Task description
Each entry below should be returned exactly as is, with the pictures removed.

Saved entries
[Start of Attachment]
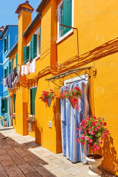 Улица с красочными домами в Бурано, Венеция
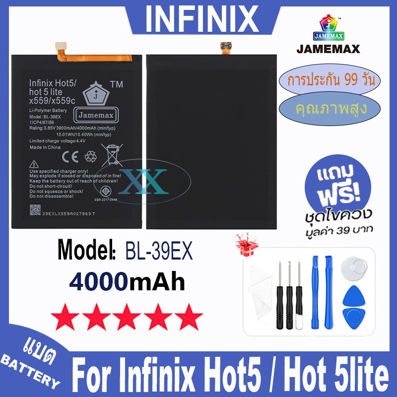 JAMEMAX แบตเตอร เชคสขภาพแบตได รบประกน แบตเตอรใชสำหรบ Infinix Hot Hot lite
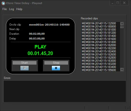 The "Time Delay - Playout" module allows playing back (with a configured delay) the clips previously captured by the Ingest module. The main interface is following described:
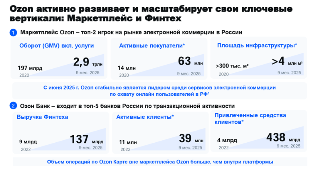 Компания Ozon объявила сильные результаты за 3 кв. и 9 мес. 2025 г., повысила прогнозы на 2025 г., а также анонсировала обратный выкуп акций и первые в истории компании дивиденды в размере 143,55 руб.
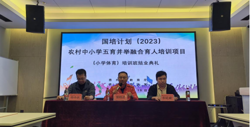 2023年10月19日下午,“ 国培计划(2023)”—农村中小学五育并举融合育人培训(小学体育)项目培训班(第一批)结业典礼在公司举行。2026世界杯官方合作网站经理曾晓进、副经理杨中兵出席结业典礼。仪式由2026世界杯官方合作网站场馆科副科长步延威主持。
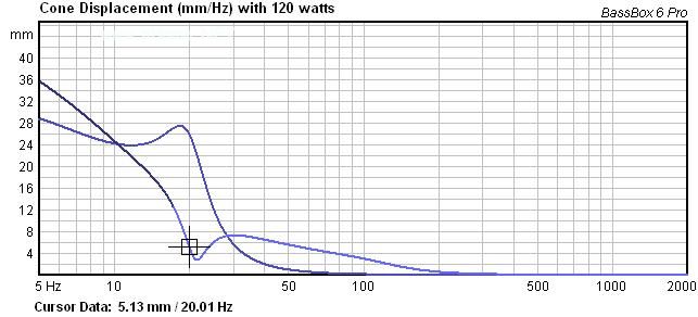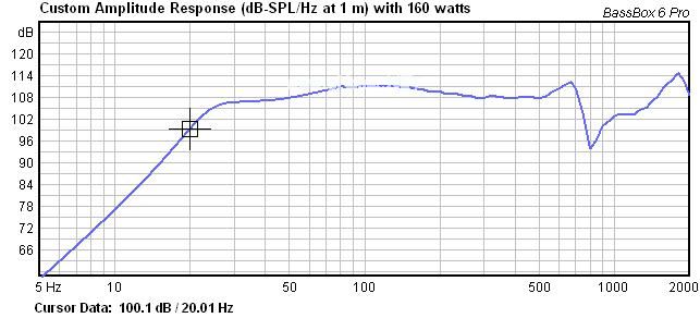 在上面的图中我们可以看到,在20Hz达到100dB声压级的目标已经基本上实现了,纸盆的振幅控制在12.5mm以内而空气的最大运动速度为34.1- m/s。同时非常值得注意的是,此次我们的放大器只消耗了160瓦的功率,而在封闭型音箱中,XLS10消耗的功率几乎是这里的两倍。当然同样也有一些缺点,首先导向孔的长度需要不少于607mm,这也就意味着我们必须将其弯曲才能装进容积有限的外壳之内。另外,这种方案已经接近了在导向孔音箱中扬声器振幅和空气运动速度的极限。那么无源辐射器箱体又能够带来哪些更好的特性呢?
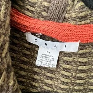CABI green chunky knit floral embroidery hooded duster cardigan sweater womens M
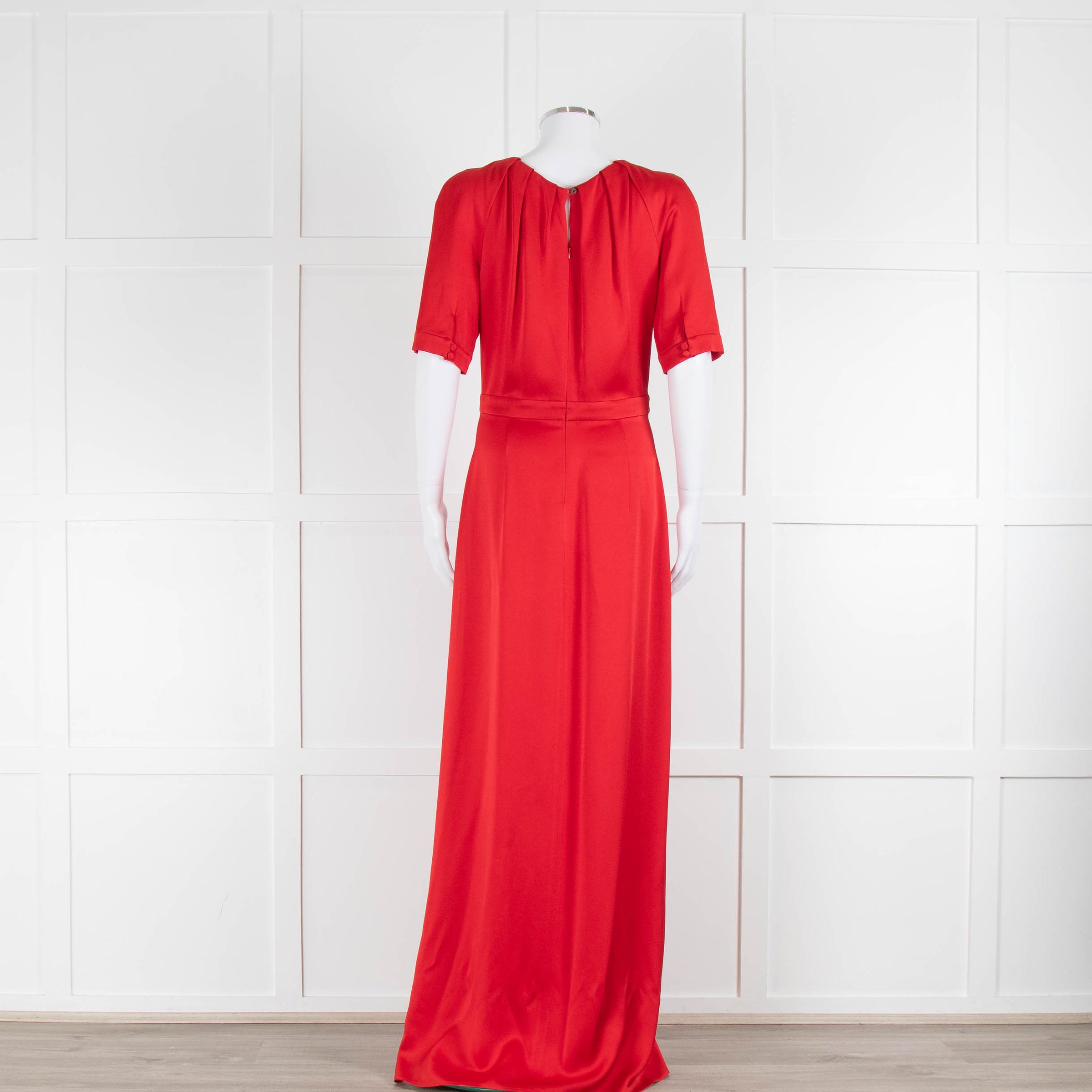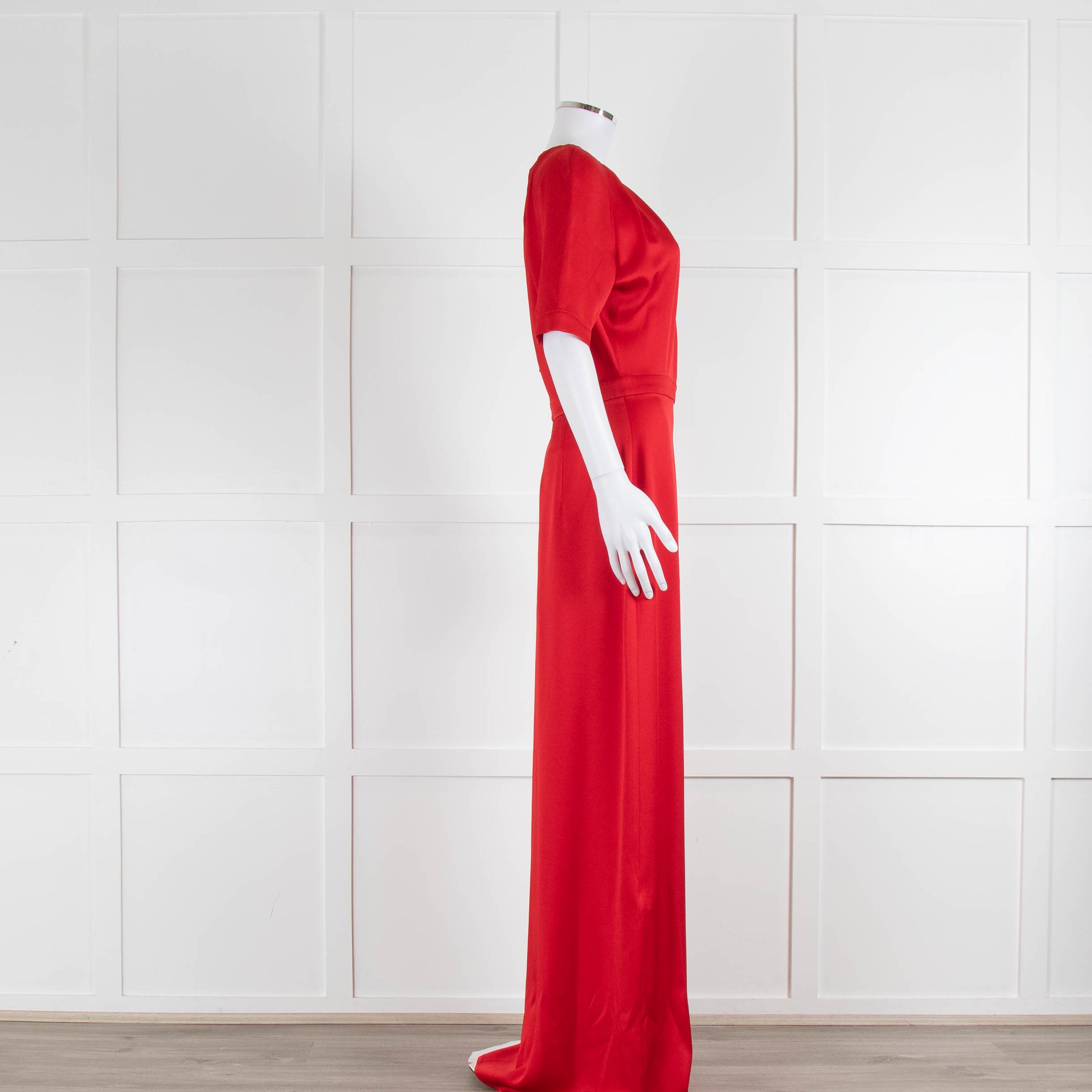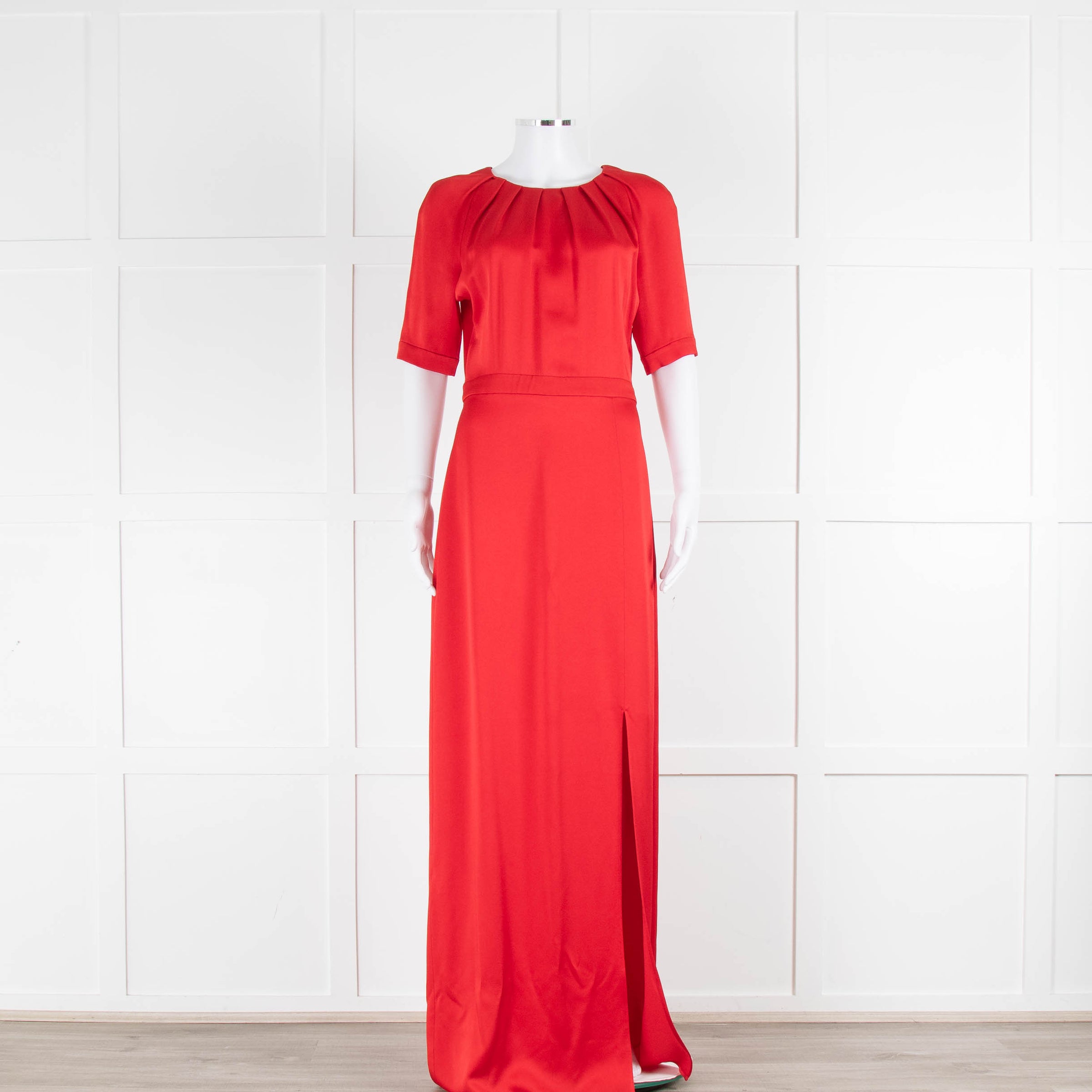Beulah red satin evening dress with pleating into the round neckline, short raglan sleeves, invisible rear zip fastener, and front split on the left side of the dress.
[End of Attachment]
Solution to this exercise
 Улица с красочными домами в Бурано, Венеция
 JAMEMAX แบตเตอร เชคสขภาพแบตได รบประกน แบตเตอรใชสำหรบ Infinix Hot Hot lite
 The "Time Delay - Playout" module allows playing back (with a configured delay) the clips previously captured by the Ingest module. The main interface is following described:
 Компания Ozon объявила сильные результаты за 3 кв. и 9 мес. 2025 г., повысила прогнозы на 2025 г., а также анонсировала обратный выкуп акций и первые в истории компании дивиденды в размере 143,55 руб.
 2023年10月19日下午,“ 国培计划(2023)”—农村中小学五育并举融合育人培训(小学体育)项目培训班(第一批)结业典礼在公司举行。2026世界杯官方合作网站经理曾晓进、副经理杨中兵出席结业典礼。仪式由2026世界杯官方合作网站场馆科副科长步延威主持。
 在上面的图中我们可以看到,在20Hz达到100dB声压级的目标已经基本上实现了,纸盆的振幅控制在12.5mm以内而空气的最大运动速度为34.1- m/s。同时非常值得注意的是,此次我们的放大器只消耗了160瓦的功率,而在封闭型音箱中,XLS10消耗的功率几乎是这里的两倍。当然同样也有一些缺点,首先导向孔的长度需要不少于607mm,这也就意味着我们必须将其弯曲才能装进容积有限的外壳之内。另外,这种方案已经接近了在导向孔音箱中扬声器振幅和空气运动速度的极限。那么无源辐射器箱体又能够带来哪些更好的特性呢?
CABI green chunky knit floral embroidery hooded duster cardigan sweater womens M
Beulah red satin evening dress with pleating into the round neckline, short raglan sleeves, invisible rear zip fastener, and front split on the left side of the dress.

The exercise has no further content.